Algumas cidades do estado de São Paulo e outra no Sul do país registraram surtos de caxumba em 2015 e 2016. A doença, para a qual existe imunização gratuita disponível e estava praticamente erradicada, voltou com força nesses locais e os casos podem ficar sem explicação por conta do sistema fraco de notificação aplicado no país.

De acordo com Dr. Paulo Olzon, Infectologista e Clínico Geral da Universidade Federal de São Paulo (Unifesp), a primeira medida que deveria ser tomada para investigar os casos e controlar a doença seria o cadastro detalhado dos doentes, o que não acontece no Brasil. “A primeira medida que deveria ser tomada é investigar. Hoje em dia, praticamente não se vê mais caxumba e, se essa doença começa a aparecer, existem algumas possibilidades que precisam ser consideradas. Essa não é uma doença de notificação obrigatória atualmente, mas deveria ser, pois perde-se a oportunidade de investigar no início”, opina Olzon. “Aqui no Brasil não é feito um cadastro detalhado como em países de primeiro mundo. Então, cria-se um pânico que é desnecessário, já que os casos são analisados sem profundidade”, completa.

Uma das causas possíveis apontadas pelo médico é a falta de imunização, que é defendida por alguns profissionais. “Existem algumas linhas de medicina, como a homeopatia por exemplo, que não recomenda a vacinação e tem uma parcela grande da população que segue essas premissas”, afirma. “O sistema de vacinação é eficiente. Admitir que há uma falha vacinal é a última coisa que se faz. Primeiro é preciso afastar todas as outras possibilidades”, fala Olzon.

De acordo com o calendário nacional de vacinação do Ministério da Saúde, três doses da vacina tríplice viral são disponibilizadas para cada indivíduo. Elas devem ser aplicadas com um ano e entre 11 e 19 anos, podendo também ser aplicada em dose única entre 20 e 59 anos.

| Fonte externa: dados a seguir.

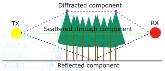 The radiative transfer equation can be considered with the assumption that the entire signal is transferred through the foliage with its absorption and emission as stated in Equation (10). However, as depicted above, the incoherent component may cause a change in direction, and the signal may go out from the trees with a randomized direction, unlike the coherent component. Then, as shown in Figure 3, diffracted or reflected components may emerge.
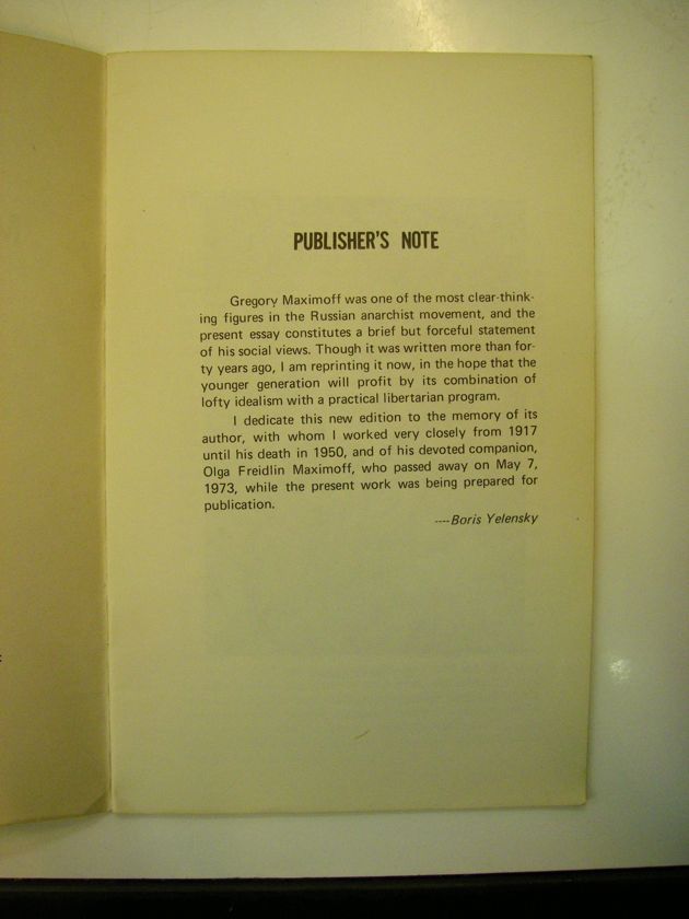 Gregory Maximoff was one of the most clear-thinking figures in the Russian anarchist movement, and the present essay constitutes a brief but forceful statement of his social views. Though it was written more than forty years ago, i am reprinting it now, in the hope that the younger generation will profit by its combination of lofty idealism with a practical libertarian program.
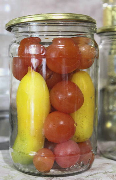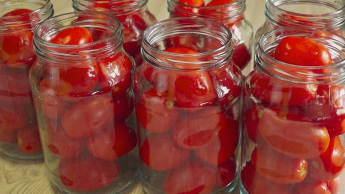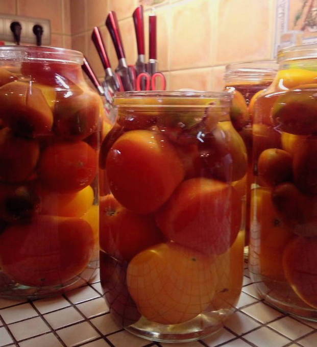 Tomaten op eigen sap zonder azijn kunnen ook bij kamertemperatuur de hele winter goed bewaard worden. Voor het inblikken op deze manier is het beter om pruimtomaten te selecteren.

Outro problema que pode causar surtos de doenças já erradicadas como é o caso da caxumba é o grande fluxo migratório do país, principalmente em estados em que há mais entrada e saída de pessoas, como São Paulo. “Pode haver pessoas que vêm de lugares onde não se aplica a vacina, por exemplo. E é por isso que deveria ser traçado um perfil de todos aqueles que apresentam o quadro”, diz Olzon.

Sintomas e complicações
Os sintomas da fase inicial são semelhantes aos de outras doenças infecciosas em que o paciente apresenta febre, dor no corpo, mal-estar, cansaço e sonolência. Mas o diagnóstico começa a ser traçado quando há um comprometimento das glândulas salivares, que ficam inchadas, mais comumente a parótida.

“Entre as complicações da doença estão a ooforite (inflamação dos ovários) e a orquite (inflamação nos testículos). Além disso pode provocar pancreatite e uma forma benigna de meningite, que muitas vezes nem apresenta sintomas”, alerta o profissional. “Nesse caso, só um exame com de líquor é capaz de detectar”, explica. “Pode provocar também alteração auditiva, mas é uma complicação rara”, completa.